▶ _TASK_:
Output only the lines below from the one holding "- Możliwość sprawdzania" down to the one holding "DVDO-HDMIFiber-1 is an", both end lines included and every picture dropped.

▶ _EXERCISE MATERIALS_:
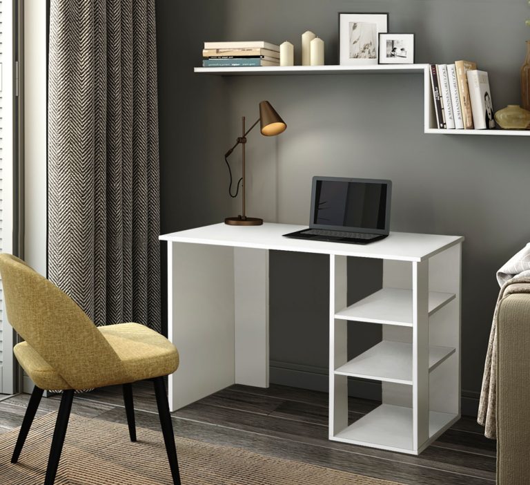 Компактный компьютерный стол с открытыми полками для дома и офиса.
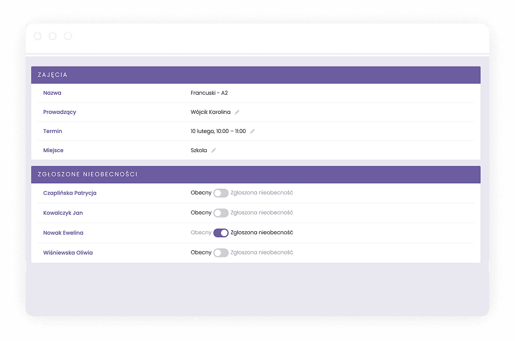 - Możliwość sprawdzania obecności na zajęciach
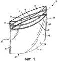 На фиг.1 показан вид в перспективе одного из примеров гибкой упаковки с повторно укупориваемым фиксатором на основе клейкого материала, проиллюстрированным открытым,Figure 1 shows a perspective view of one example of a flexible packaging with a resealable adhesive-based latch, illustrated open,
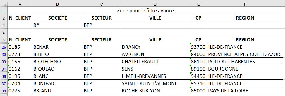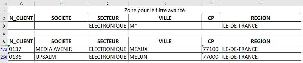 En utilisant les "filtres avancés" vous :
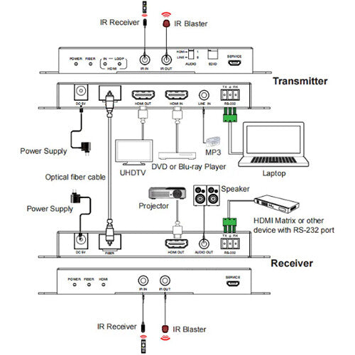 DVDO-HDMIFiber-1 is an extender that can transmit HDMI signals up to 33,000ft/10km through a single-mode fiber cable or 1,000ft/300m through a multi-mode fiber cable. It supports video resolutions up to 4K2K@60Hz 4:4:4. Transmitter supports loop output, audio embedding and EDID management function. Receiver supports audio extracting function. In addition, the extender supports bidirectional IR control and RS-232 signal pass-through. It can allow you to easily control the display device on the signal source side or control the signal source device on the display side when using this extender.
* * *
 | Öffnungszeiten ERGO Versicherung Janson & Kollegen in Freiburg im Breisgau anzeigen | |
* * *
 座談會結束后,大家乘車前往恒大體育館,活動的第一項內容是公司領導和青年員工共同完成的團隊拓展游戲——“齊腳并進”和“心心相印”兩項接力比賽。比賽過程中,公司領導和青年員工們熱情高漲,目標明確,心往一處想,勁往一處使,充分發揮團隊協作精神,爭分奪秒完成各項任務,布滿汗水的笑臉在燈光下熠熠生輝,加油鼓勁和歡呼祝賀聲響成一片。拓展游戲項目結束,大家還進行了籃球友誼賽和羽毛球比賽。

▶ _SOLUTION FOR THIS PROBLEM_:
 - Możliwość sprawdzania obecności na zajęciach
 На фиг.1 показан вид в перспективе одного из примеров гибкой упаковки с повторно укупориваемым фиксатором на основе клейкого материала, проиллюстрированным открытым,Figure 1 shows a perspective view of one example of a flexible packaging with a resealable adhesive-based latch, illustrated open,
 En utilisant les "filtres avancés" vous :
 DVDO-HDMIFiber-1 is an extender that can transmit HDMI signals up to 33,000ft/10km through a single-mode fiber cable or 1,000ft/300m through a multi-mode fiber cable. It supports video resolutions up to 4K2K@60Hz 4:4:4. Transmitter supports loop output, audio embedding and EDID management function. Receiver supports audio extracting function. In addition, the extender supports bidirectional IR control and RS-232 signal pass-through. It can allow you to easily control the display device on the signal source side or control the signal source device on the display side when using this extender.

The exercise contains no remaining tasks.